Many of you reading this are parents, and familiar with the wide disparity in child car seat pricing. You can spend $60 on a car seat, or $500 on a car seat. Branding and trends account for some of the difference, of course. But car seats all meet the same safety standards, so the $500 seat isn’t any safer than the $60 one. It’s just easier to use, correctly, each and every time.

Birth control is another example: there is as much as a 10% difference between the potential effectiveness and the actual effectiveness of some methods - because the potential effectiveness rate relies on perfect usage, each and every time.

I sometimes work with people who want to reduce their debt, particularly credit card debt. There are lots of ways to go about that, and I analyze the various balances and interest rates to come up with a strategy that works best. Maybe it’s the one that attacks the highest interest rate first, or maybe it’s the one that kills the small balances first. But really what works best is the strategy the client can stick with over time, and that might not always be the mathematically best option. It’s the one that will actually get the debt paid off. If the client abandons the plan, it’s worthless, even if the numbers were right.

Yesterday I attended an Advisor Growth Community call with Dr Daniel Crosby, who is one of the leading voices in this industry helping us tie behavioral insights to good planning. This topic came up on the call as well in the context of managing investments, as Dr Crosby reiterated the wisdom that the best portfolio is the one you can live with over time. You have to stick with the strategy, each and every time, even when it’s hard, even when the best thing to do is nothing at all, for it to work. Understanding what gets in the way of humans doing that, and setting up the mechanisms around that, is the key to setting yourself up for success.

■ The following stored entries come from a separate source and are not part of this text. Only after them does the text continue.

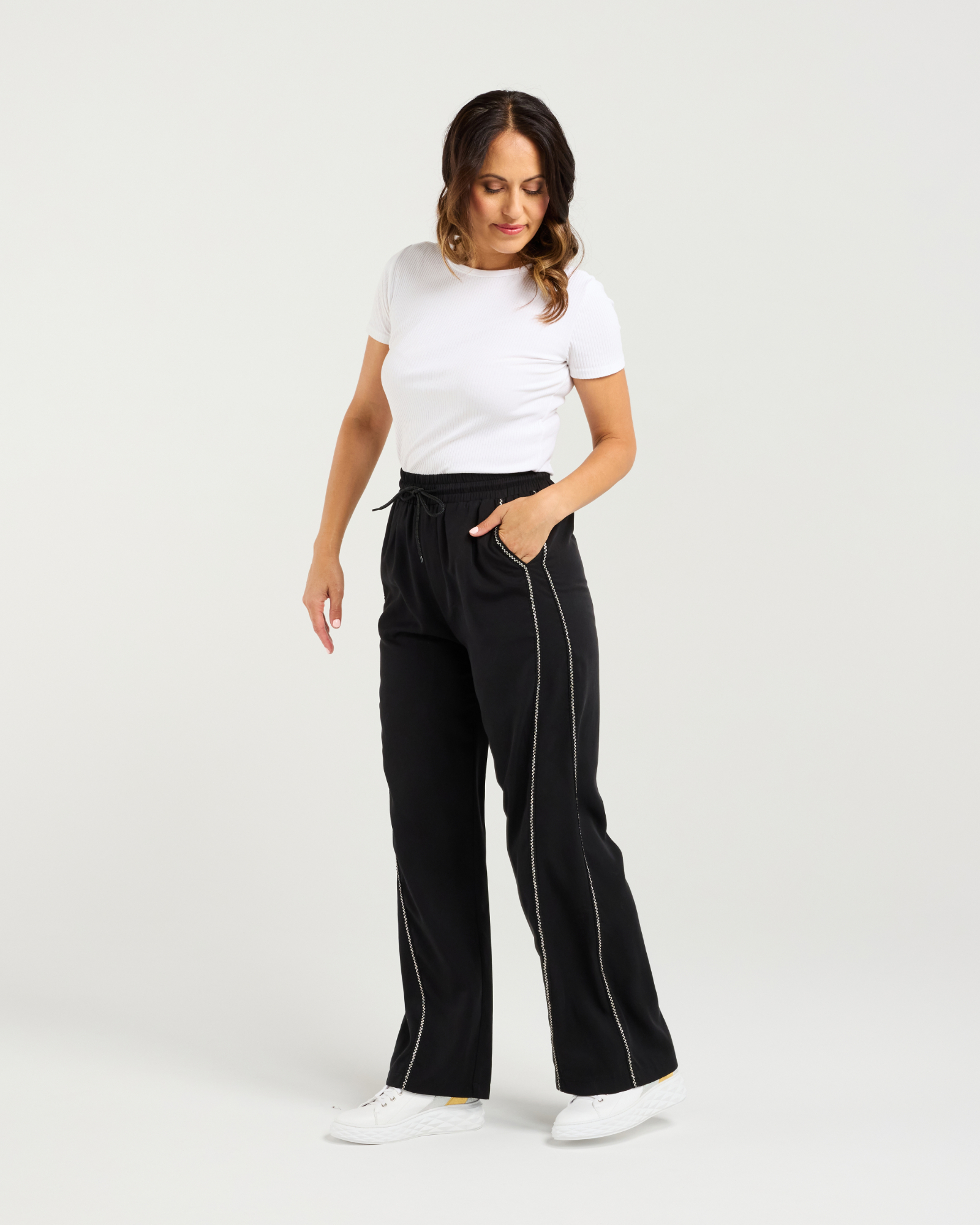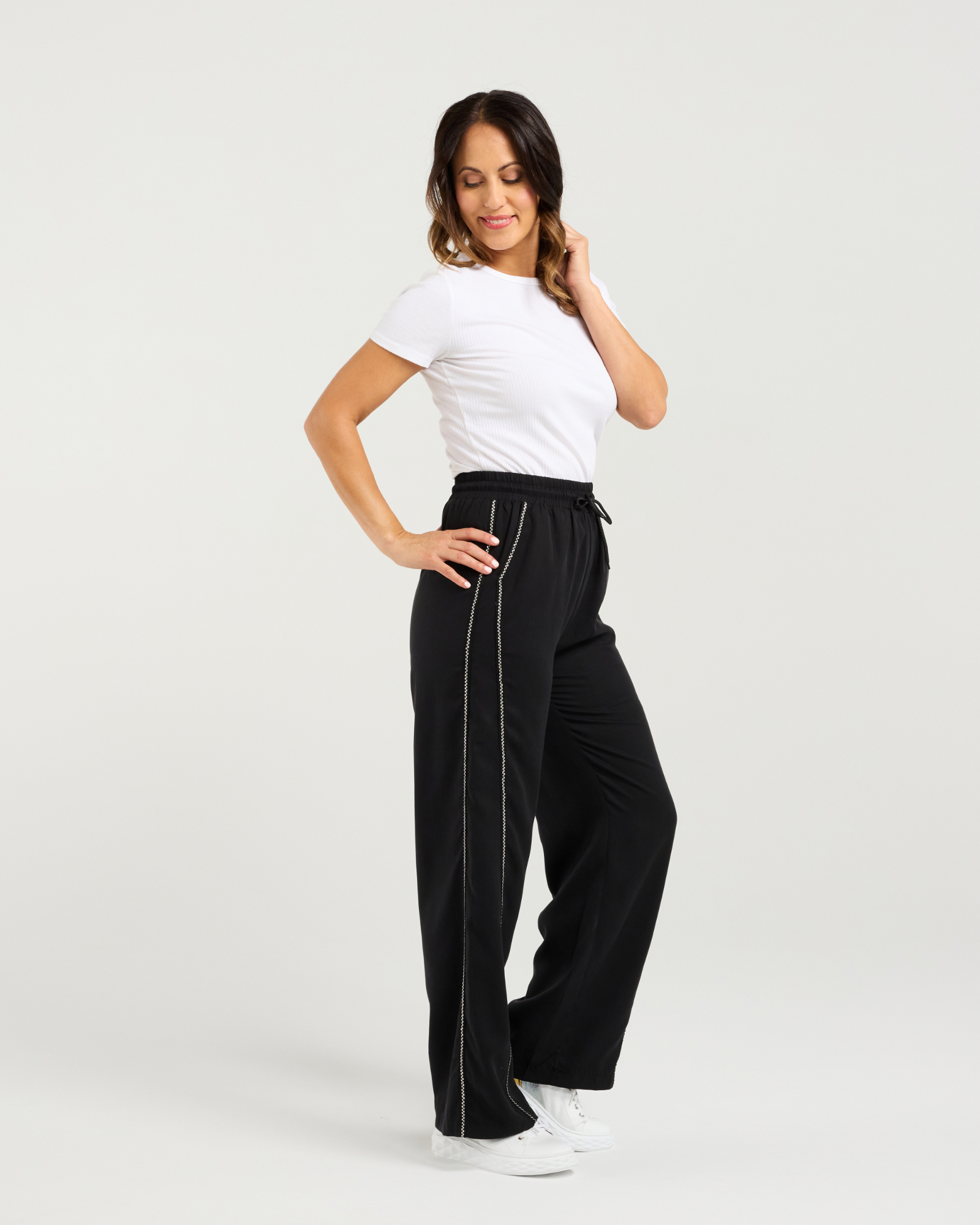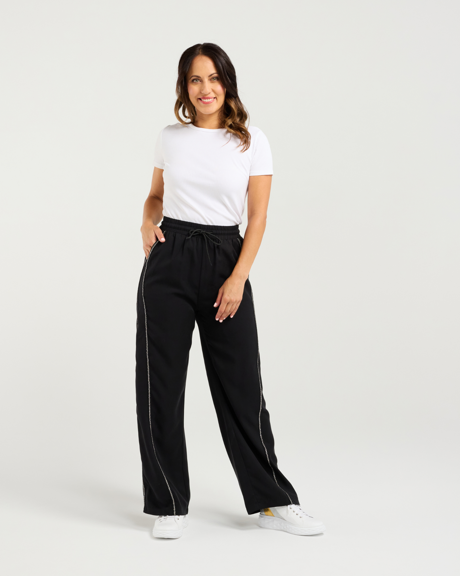 Elevate your casual wardrobe with these high-waisted black pants featuring chic contrast stripes down the sides. Designed for a relaxed fit and crafted from a comfy fabric blend, they effortlessly combine style with comfort. Perfect for everyday wear, these pants add a touch of sporty sophistication to any outfit.
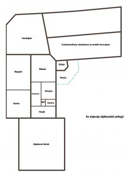 Az épület jelenlegi elrendezését tekintve egy lakásból, egy vendégtérből, egy cukrászműhelyből és egy beépíthető tetőtérből áll.
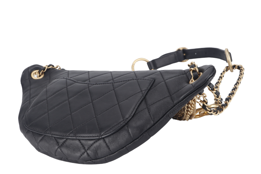 CHANEL 19A ALL ABOUT CHAINS (2830xxxx) BLACK QUILTED LEATHER BUMBAG WITH AND DUST COVER
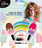 Комплектът за рисуване върху лице Ice Dream от Kidea е чудесен избор за маскиране по повод детски партита, карнавали, рождени дни или други събития. Той включва всичко необходимо за създаване на ефектен грим, а именно 8 цвята бои - жълт, зелен, син, тъмнорозов, лилав, светлорозов, кафяв и черен, двустранен апликатор и четка за нанасянето им и червено червило. Боичките покриват много добре, разнасят се лесно и са безопасни за кожата, което е потвърдено от съответните лабораторни изследвания. Комплектът ще осигури часове творческо забавление за малки и големи. Той е подходящ и за грим маскировка за Хелоуин. На гърба на ... |
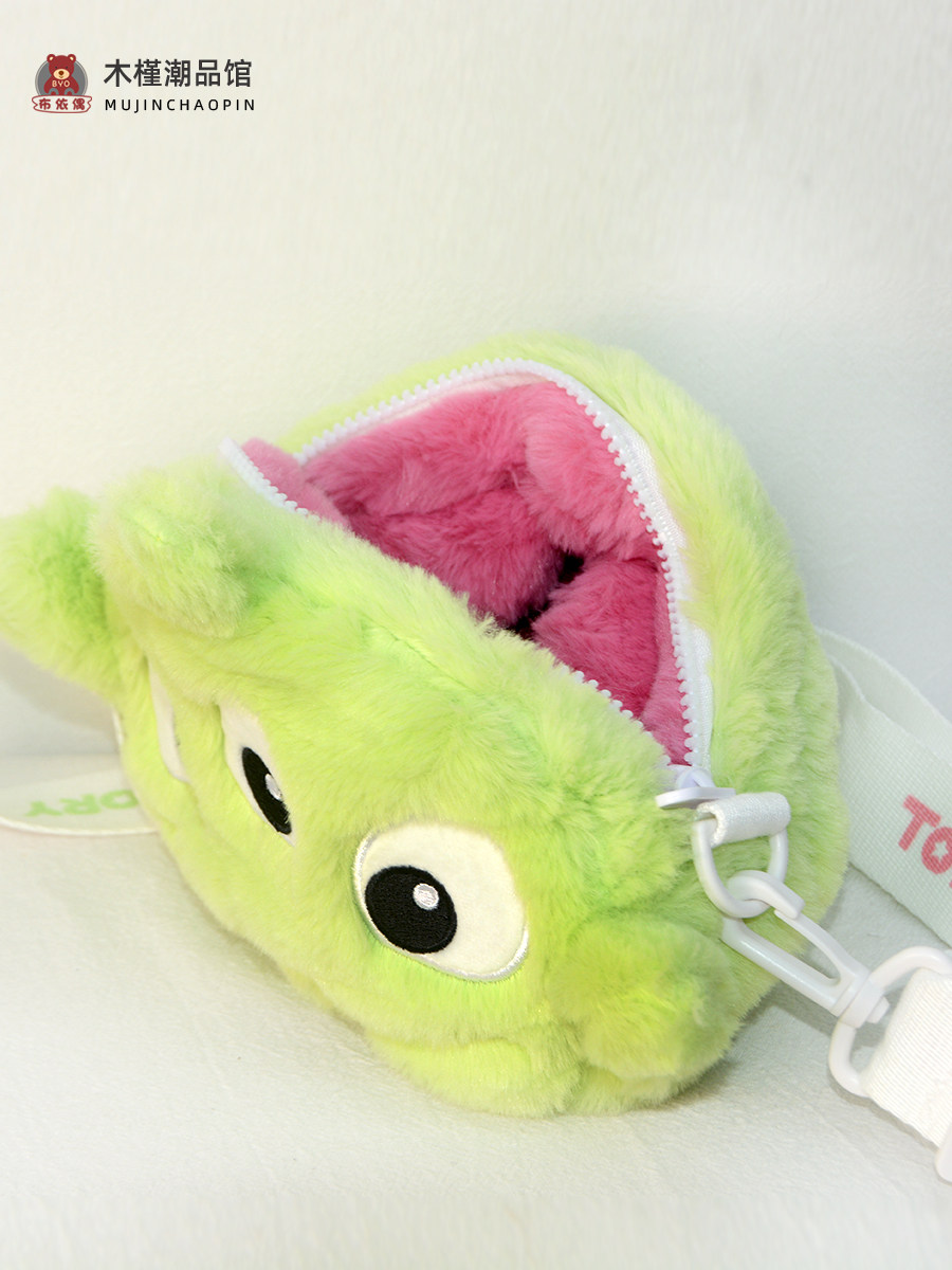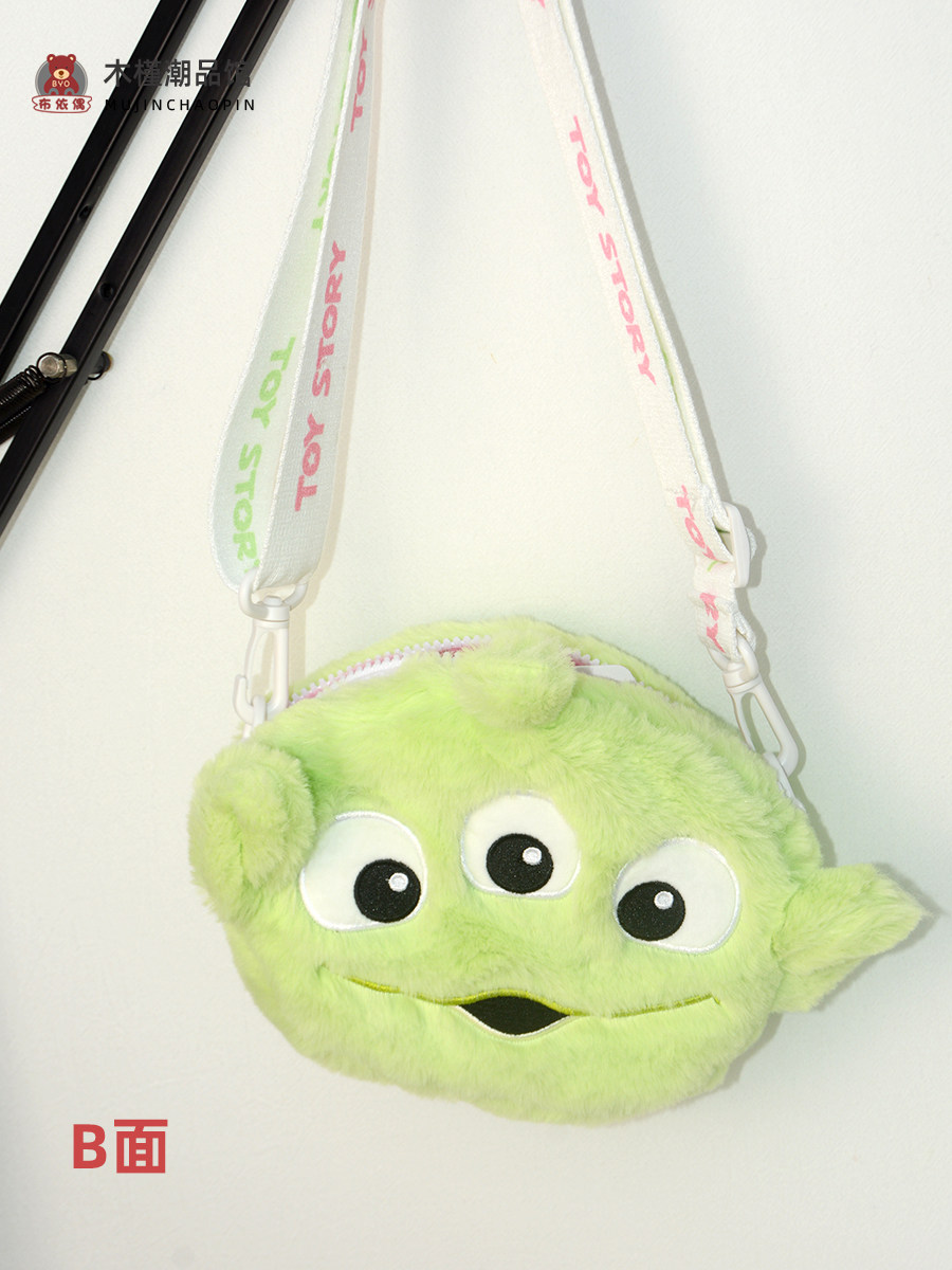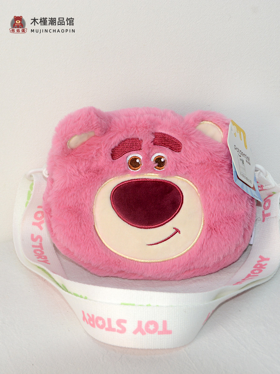 迪士尼草莓熊三眼仔双面毛绒包包单肩翻翻斜挎包女学生生日礼物
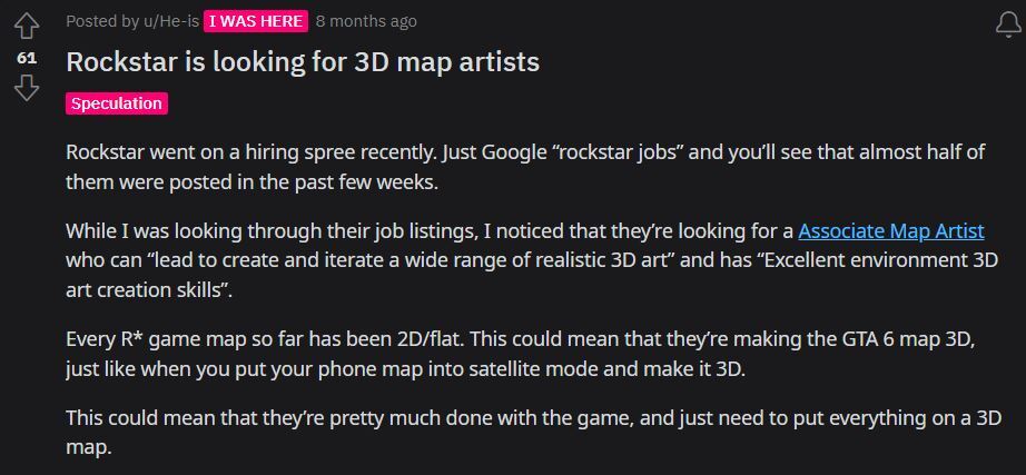 Reddit의 게시물에서는 Rockstar가 사실적인 3D 아트 제작과 관련된 일자리를 얻었다고 설명했습니다. 이 게시물은 아마도 Rockstar가 일종의 3D 지도를 만들려고 하고 있으며 게임과 지도의 실제 설정을 이미 완료했음에 틀림없다고 제안했습니다.

This relates also to the life planning work I’ve been begun pursuing via the Kinder Institute, which attempts to marry clients’ life goals to their financial goals, and ensures the financial plan is built in a way that allows them to be truly successful. Ultimately the purpose is to identify the roadblocks - external or internal - that might stand in the way and help remove them. I think that begins with understanding motivation and what will keep someone on the journey, rather than abandoning the plan altogether.